Welcome to Following the Whispers blog
Thank you so much for taking the time to visit. Hope you enjoy your stay. I blog here whenever I feel the need. This blog was created at the time my memoir came out, in February, 2009. Its motto was: creating a life of inner peace and self-acceptance from the depths of despair. Now, my focus is sharing this journey we call life.

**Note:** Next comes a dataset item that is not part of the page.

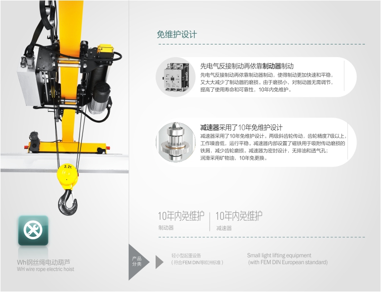 節(jié)能環(huán) 保等優(yōu)勢(shì)。電動(dòng)葫蘆應(yīng)用8項(xiàng)專利技術(shù),零部件采用模塊化制造工藝,通用性強(qiáng),免維護(hù)率高,易損件少。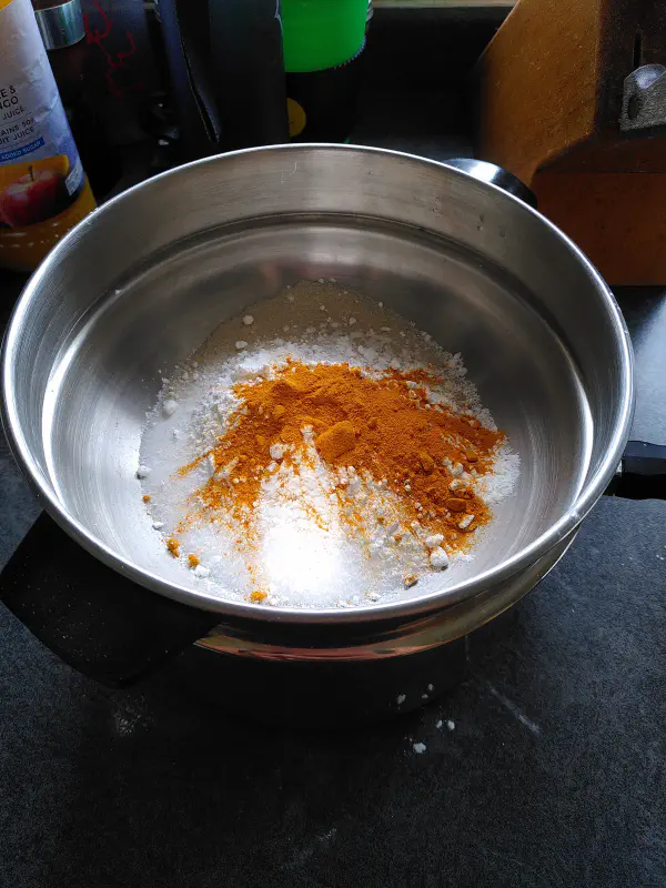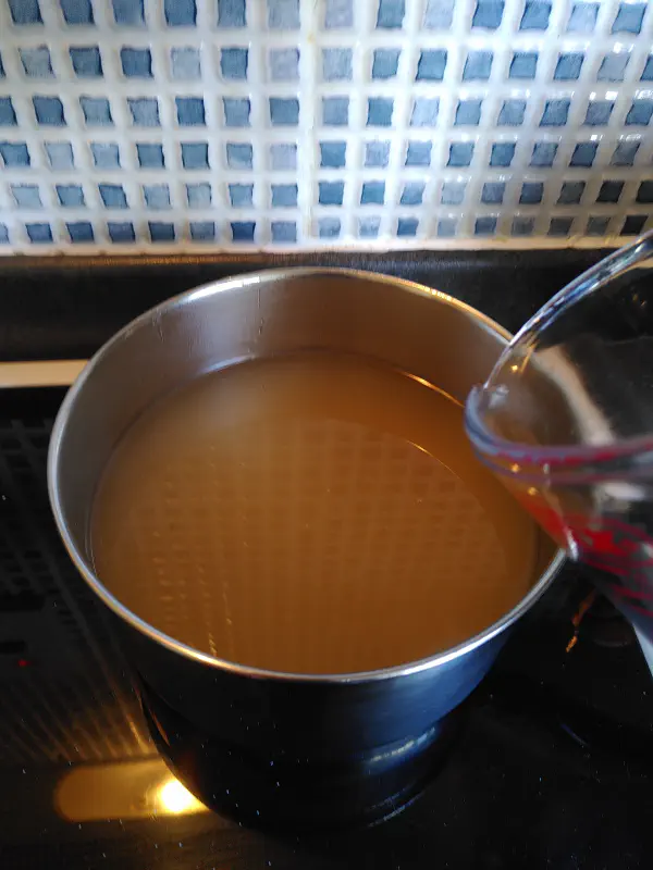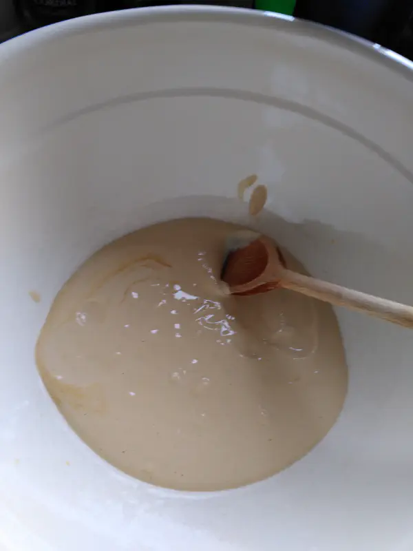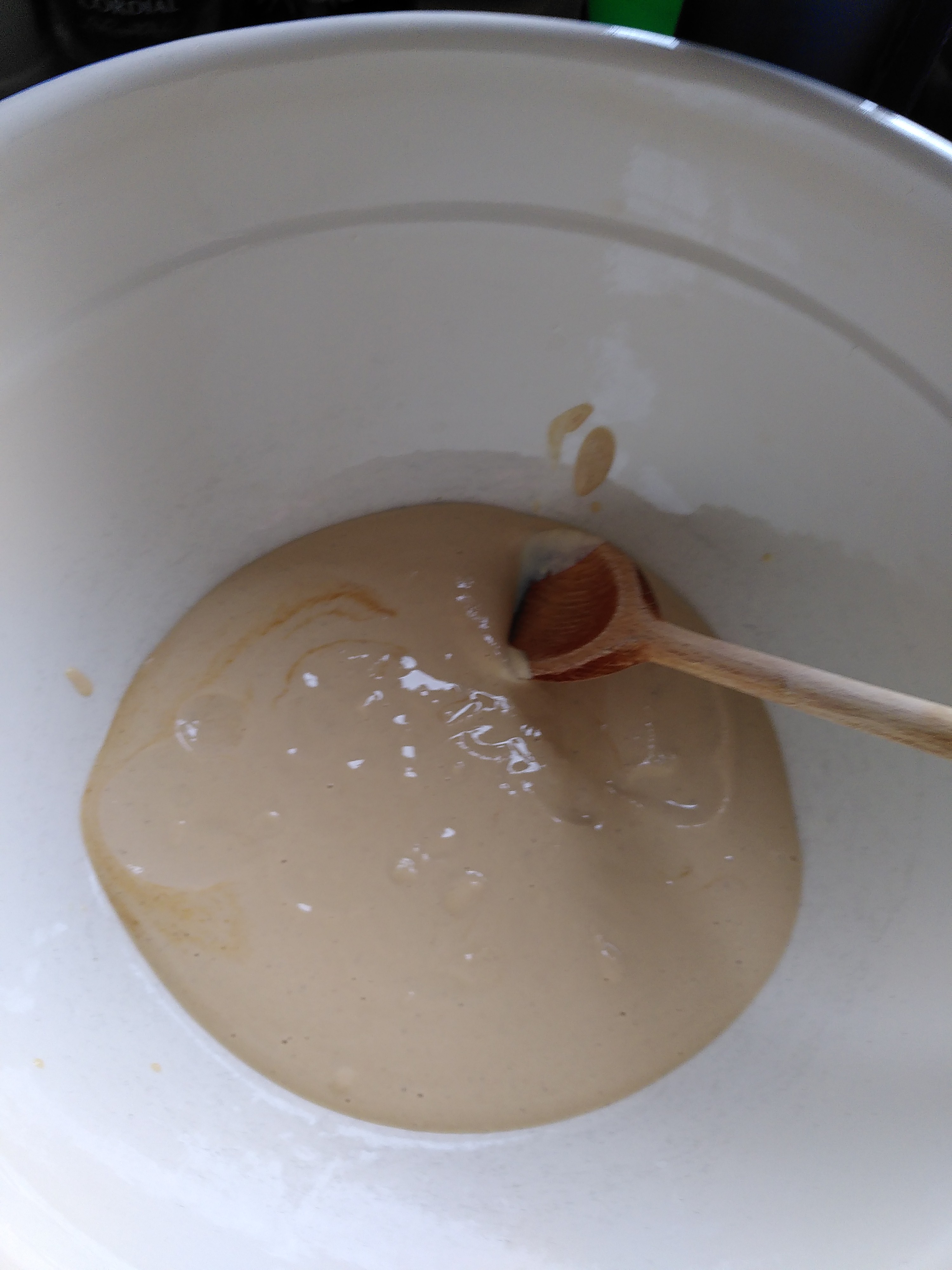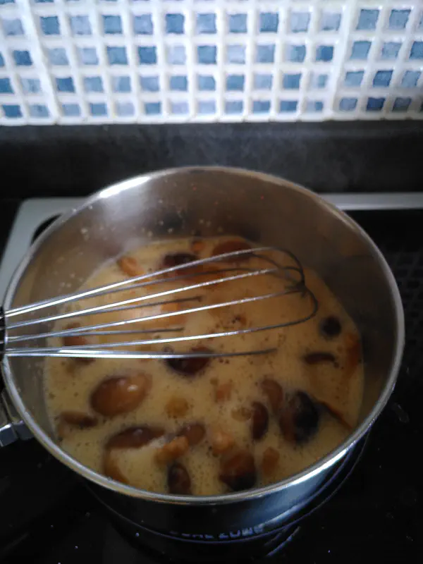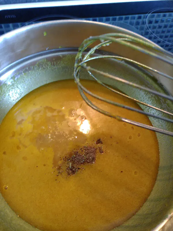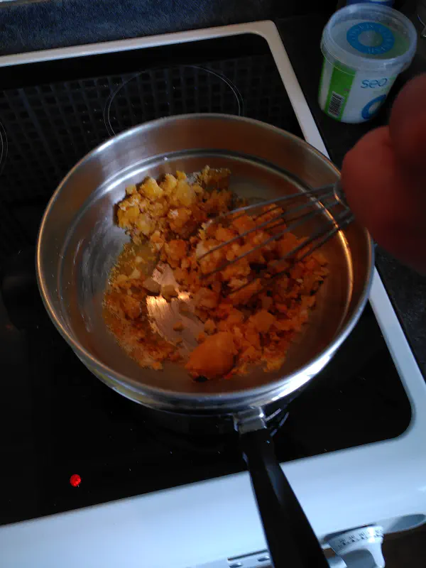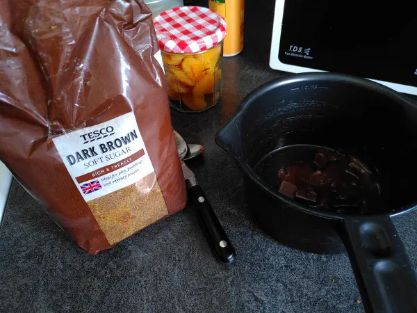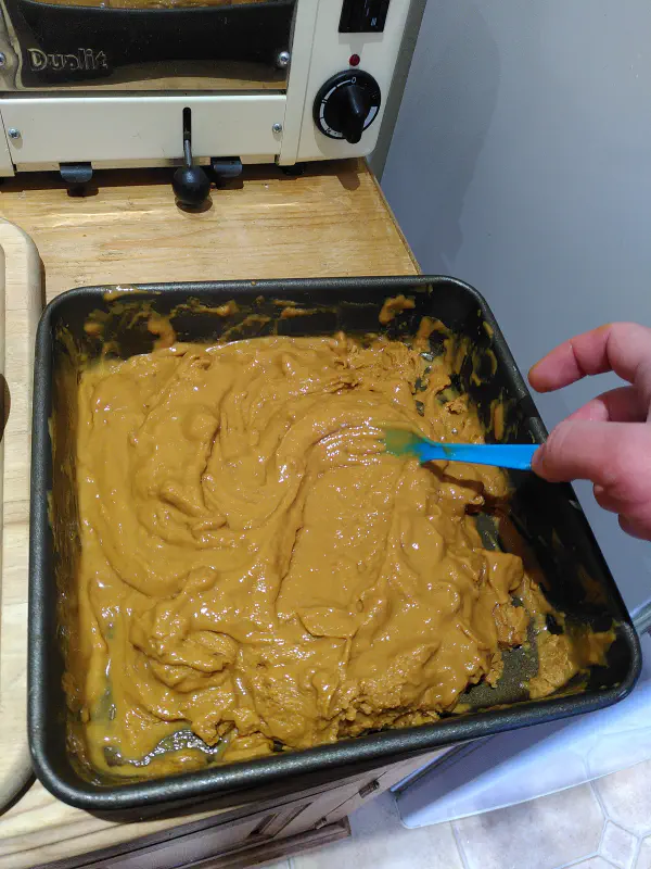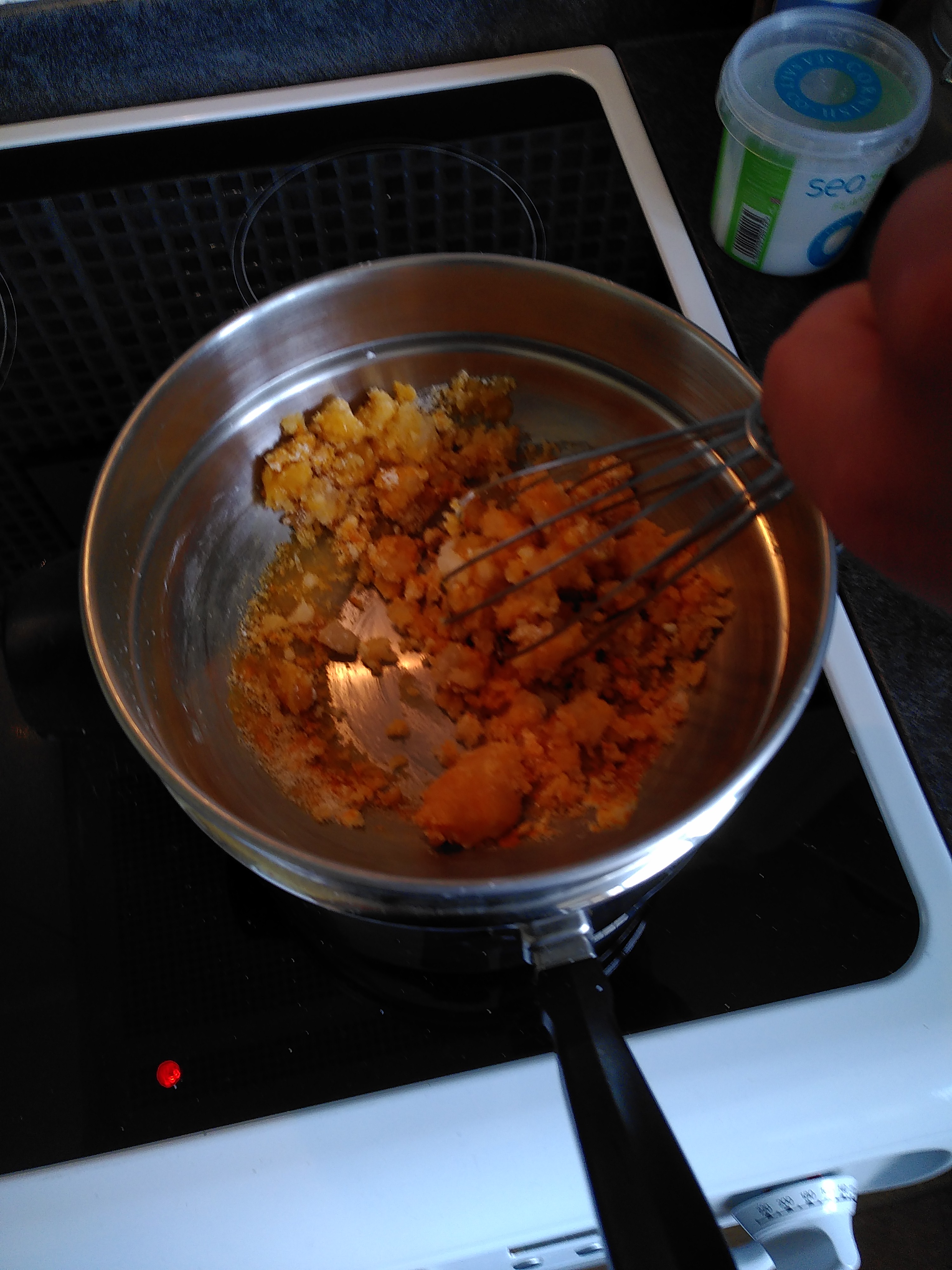 unappetising-looking sludge, as well as my hand (with a load of molten caramel,

“Only one thing is more frightening than speaking your truth, and that is not speaking it.” Naomi Wolf
“We are called human beings, not human doings.” Wes Nisker, Buddhist teacher
“It is not the critic who counts; not the man who points out how the strong man stumbles, or where the doer of deeds could have done them better. The credit belongs to the man who is actually in the arena, whose face is marred by dust and sweat and blood; who strives valiantly; who errs…(And) if he fails, at least fails while daring greatly.” Theodore Roosevelt
Wednesday, September 7, 2016
I'm not writing a novel. I'm not writing a book at all, so my insecurities are for different reasons. I'm putting together an anthology of essays on aging. I've started receiving submissions. Now I'm in a whole new ball park--reading other people's work and having to say yeah nor nay, or having to tell someone that the piece needs this or that. It would be different if it were complete strangers, but I've solicited submissions from those I know, so it's much harder. So far, the few people I've received work from have been super wonderful about my comments and suggestions. I haven't had to tell anyone yet that the piece won't be included. I dread that. I am reminding myself that this is a professional situation. The anthology has the potential to be a powerful book that could be inspiring to many people. I can't allow friendship or fear of hurting someone's feelings to prevent me from having integrity about the quality of work that will go into it. So my insecurities are becoming strengths as I learn to speak my truth and let go of fear of someone getting upset with me.
How about you?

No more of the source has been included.